Once a prime minister has settled in, begins the endless struggle to keep party parliamentarians as well as coalition partners happy and by his/her side. This sometimes even entails handing out crucial ministries to people who may not do justice to the portfolio, often leading to losses worth billions of rupees to the national exchequer through unsuitable policies and thoughtless decision making.

I once met a minister for Science and Technology who confessed to not knowing how to save a phone number in his cell phone. Perhaps, it was too scientific a procedure for the science minister. How can such people come up with a comprehensive policy on harnessing artificial intelligence for economic growth or oversee the formulation of the national IT policy?

We need to separate governance from lawmakers and make them concentrate on advocating for the rights of the people who got them elected and legislate for the people’s wellbeing.

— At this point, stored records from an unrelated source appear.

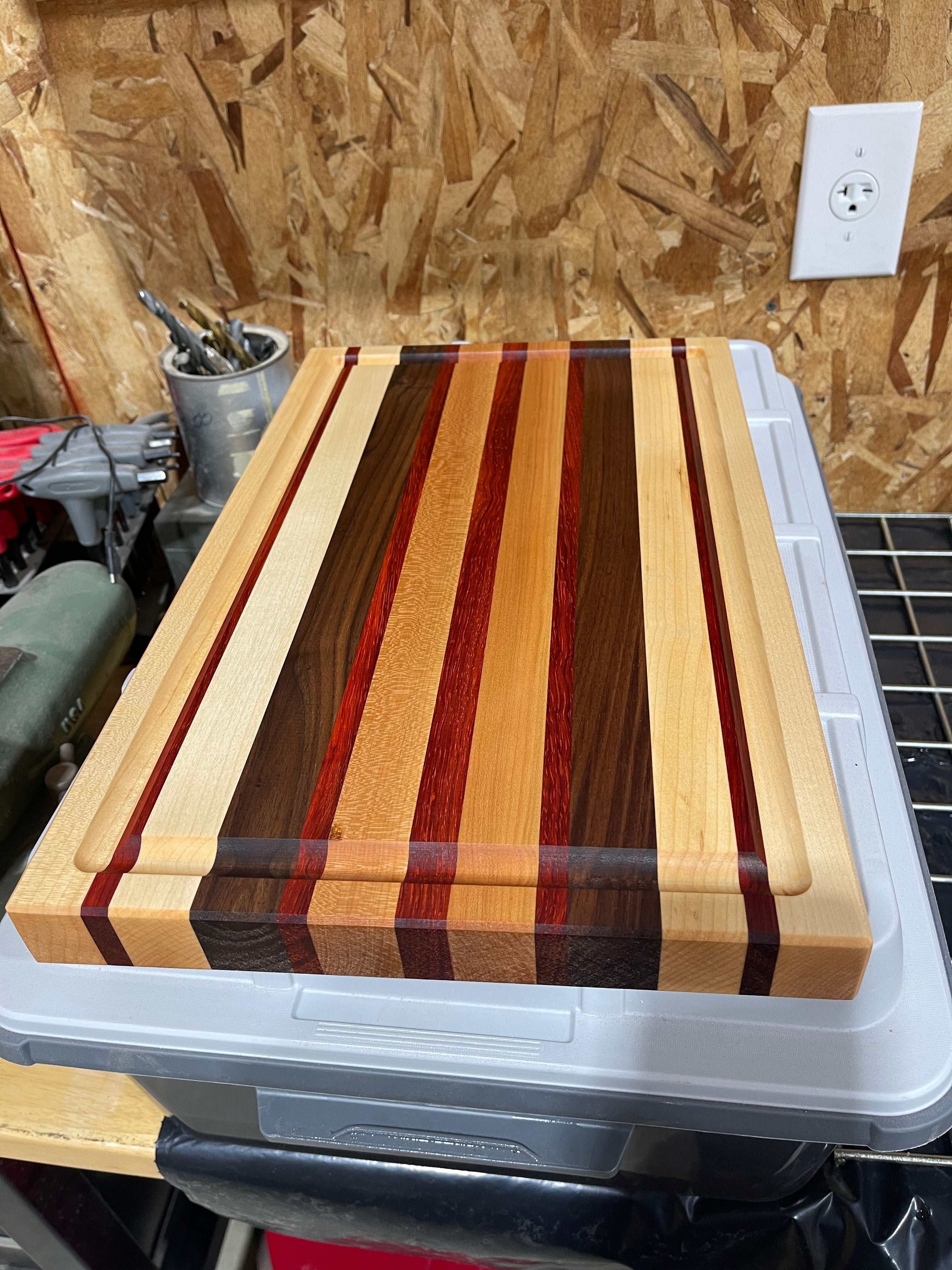 11.25"x18" Maple, Cherry, Padauk and Walnut Heart Edge Grain Cutting Board
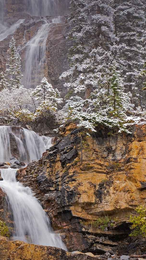 Cascate sulle montagne rocciose Cascate Tangle Creek Parco Nazionale di Jasper, Alberta, Canada (© Jeff Foott/Minden Pictures)
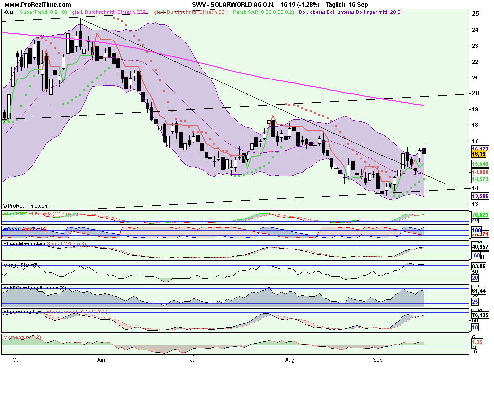 Derzeit läuft bei Solarworld im technischen Bereich noch viel auf sehr kurzfristiger Tradingbasis mit geringen Gewinnspannen, wie die folgenden Chartmarken zeigen werden. Nach oben hin ist ein Ausbruch über 16,33/16,68 weiter möglich, mit 16,19 Euro hat Solarworld gestern nur knapp unter dem Widerstand geschlossen. Wird die Zone überwunden, so liegt weiterhin bei 17,45 Euro die nächste Hürde, die Ende der ersten Ausgusthälfte entstanden ist. Nach unten hin sollte ein Augenmerk auf den Bereich 15,34/15,64 Euro gerichtet werden, der als Unterstützung fungieren könnte. Wird diese Zone unterschritten, kommt 14,77 Euro in den Blick.
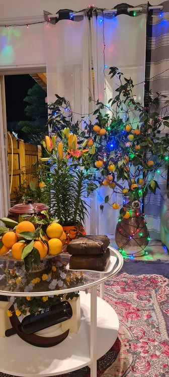 Xong nồi bánh chưng, chị bảo đến 30 Tết mà chồng bớt bận, chị sẽ rủ đi kiếm cây đào vì Israel rất nhiều đào. Riêng cây quất thì chị xuống nhà người chú chồng hái cành cam, trông rất giống quất Việt Nam, mang về trang trí Tết.
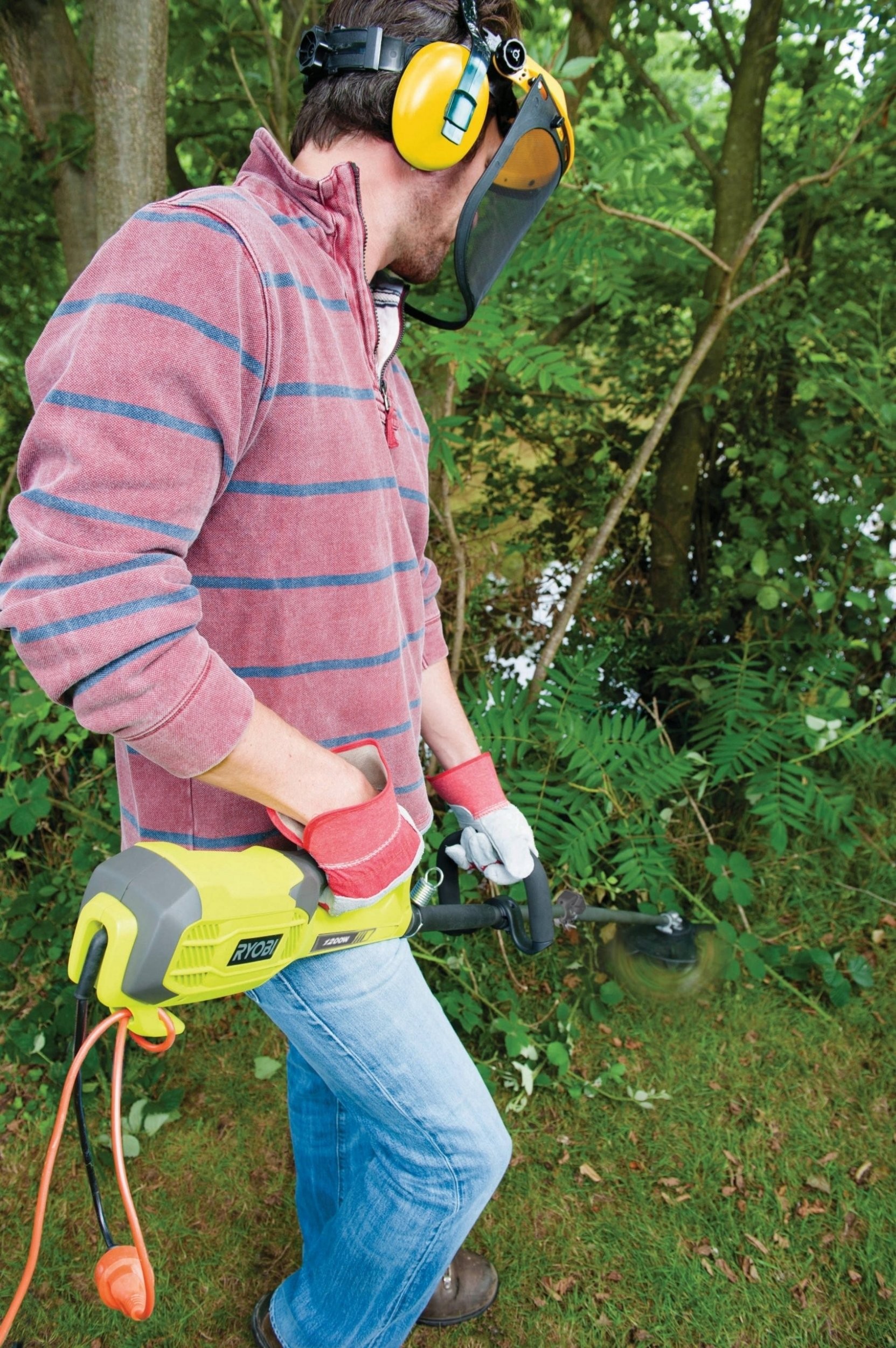 - Die elektrische Motorsense von Ryobi ist mit einem Zusatzgriff für komfortables Halten während der Arbeit ausgestattet
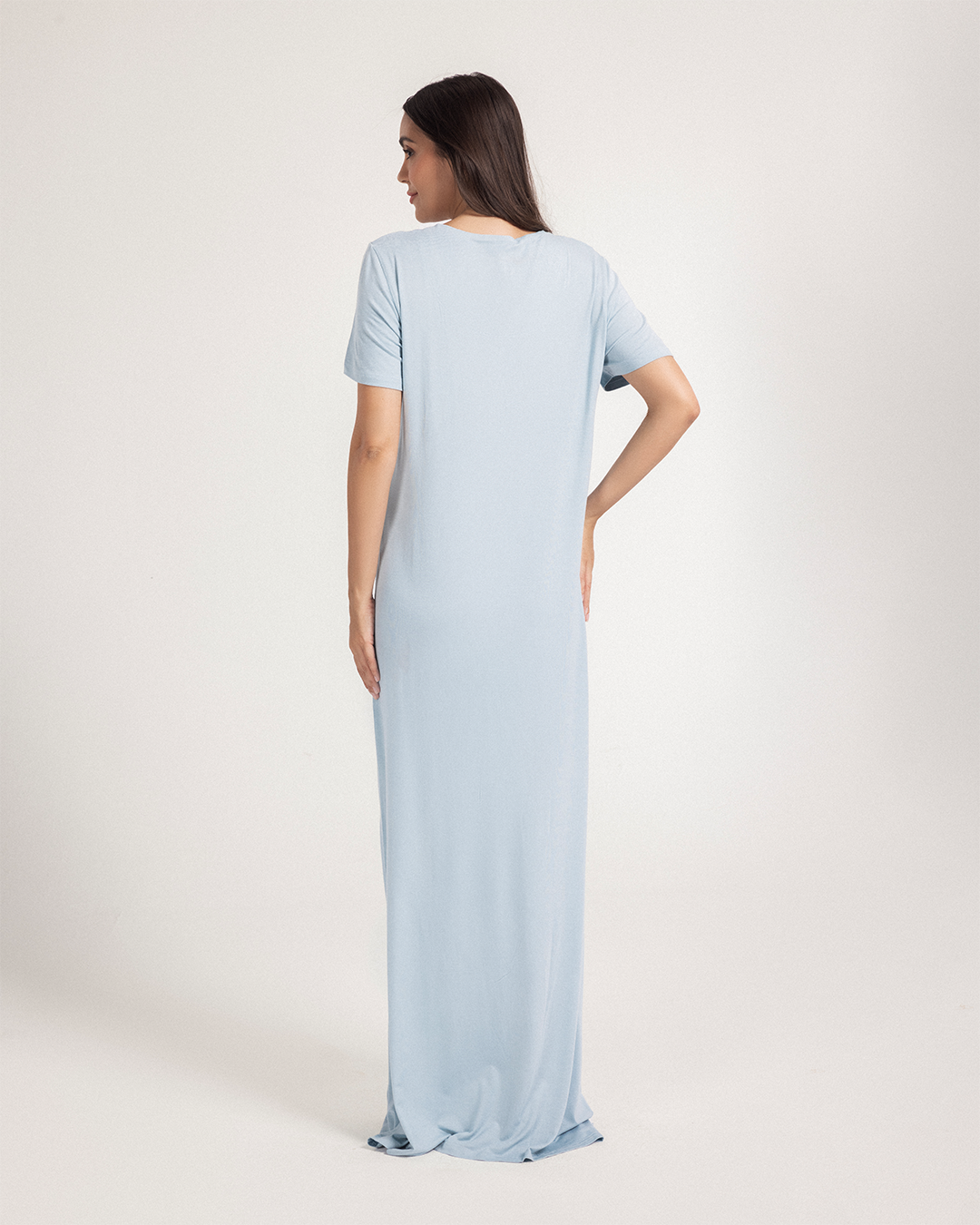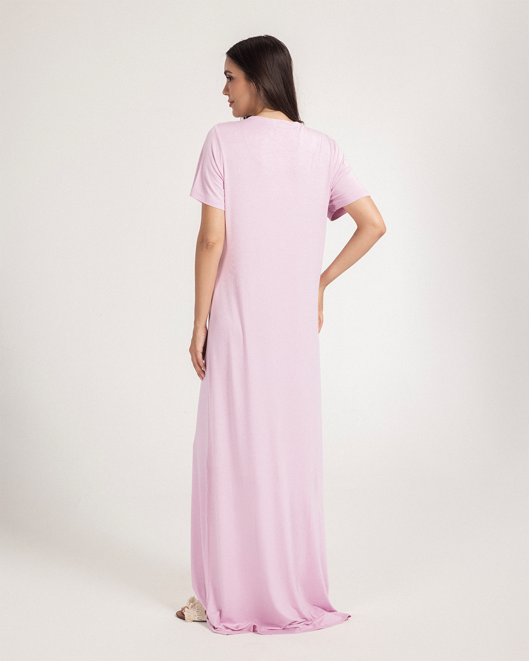 نايت شيرت طويلة نصف كم تطريز باقة ورد
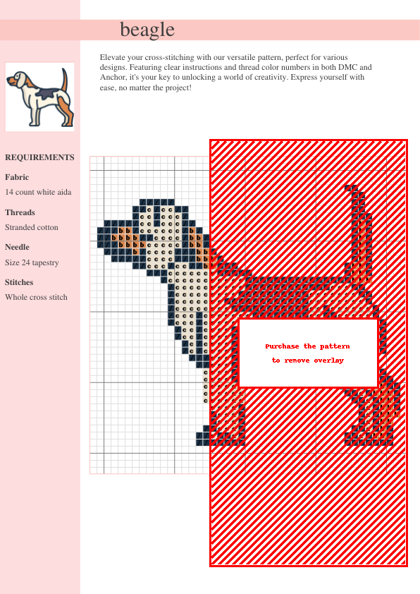 Downloadable PDF cross-stitch pattern of an adorable Beagle. Includes DMC and Anchor thread color charts for easy conversion. Easy-to-follow instructions perfect for beginner to intermediate stitchers. Create a charming piece of needlepoint art or a thoughtful, handmade gift! Enjoy a rewarding crafting experience with this medium-difficulty pattern.
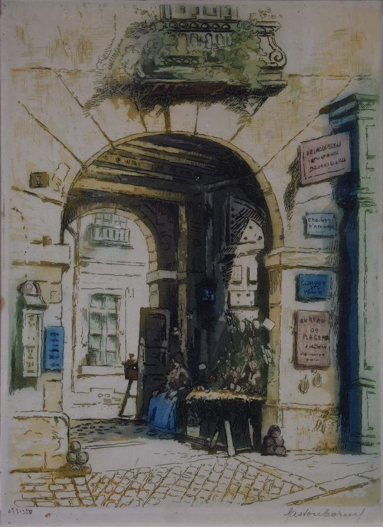 École de la fin du XIXe ou du début du XXe siècle. Échoppe dans un passage. Lithographie en couleurs portant une signature en bas à droite et numérotée 273/350 en bas à gauche (papier légèrement jauni). 31 x 23 cm (à vue).

The running of the affair of the government must be left to people who are truly qualified for the highly specialized jobs. Raising the right man for the job will ensure that the country is run keeping progress and national interest in sight, not self-interest of parties and their members. We need experts and professionals to run the country and help it deal with its numerous problems. The government should be run by teams of qualified and efficient managers, administrators, non-partisan experts, technocrats and leaders appointed on merit to ensure that public service delivery and governance is at a level where it ought to be.


To get rid of the manipulation and exploitation that come flying towards the executive from various quarters and in various shapes, I propose Pakistan must shift to a presidential form of government. Once the executive is constitutionally independent from the legislative body, the endless exploitation from MNAs and MPAs will cease to matter. Also, the system would also benefit from the independent checks on both the legislature and the executive by each other. Currently, there is no independent forum to approve or disapprove legislation done by the parliament.

On the other hand, Local government bodies must be strengthened and development funds equally divided between’ legislative assemblies and local bodies. These two measures could truly really make governance more appropriately balanced and representative.

The presidential system could also ensure an elected leader is directly answerable to people who get him to the highest office. In a parliamentary system, the executive is often at the mercy of legislators and there are plenty of examples of prime ministers being sent packing under the guise of “in-house change”, a number of which are based on horse-trading. No wonder then that none of the Pakistani prime ministers have completed the mandated five-year term, despite the people trusting him with the job. With a presidential system in place, the executive would be relieved from the pressure of such malafide moves, and be able to concentrate more on things that truly matter. This notion alone has the potential to create an environment of political stability that could lead to greater investor confidence, better culture, better rule of law, stronger and more stable institutions run by competent resources. All of these combined could create a truly enabling environment for sustained economic growth.

In most international rankings, Pakistan ranks worse than Zimbabwe, Ghana, Nigeria, Nepal and Sri Lanka, countries with far less bountiful land and much less human resource at their disposal.

A powerful president — with the freedom to choose a team of ministers that is competent and fit for a job based on their expertise, not on their political influence — might have a chance to concentrate on Pakistan’s resources and realize the overemphasized “potential”.

The debate about Pakistan at 100 must consider the switch to the presidential system. Otherwise, we ought to remain spinning in circles that we have been for the past 70 years.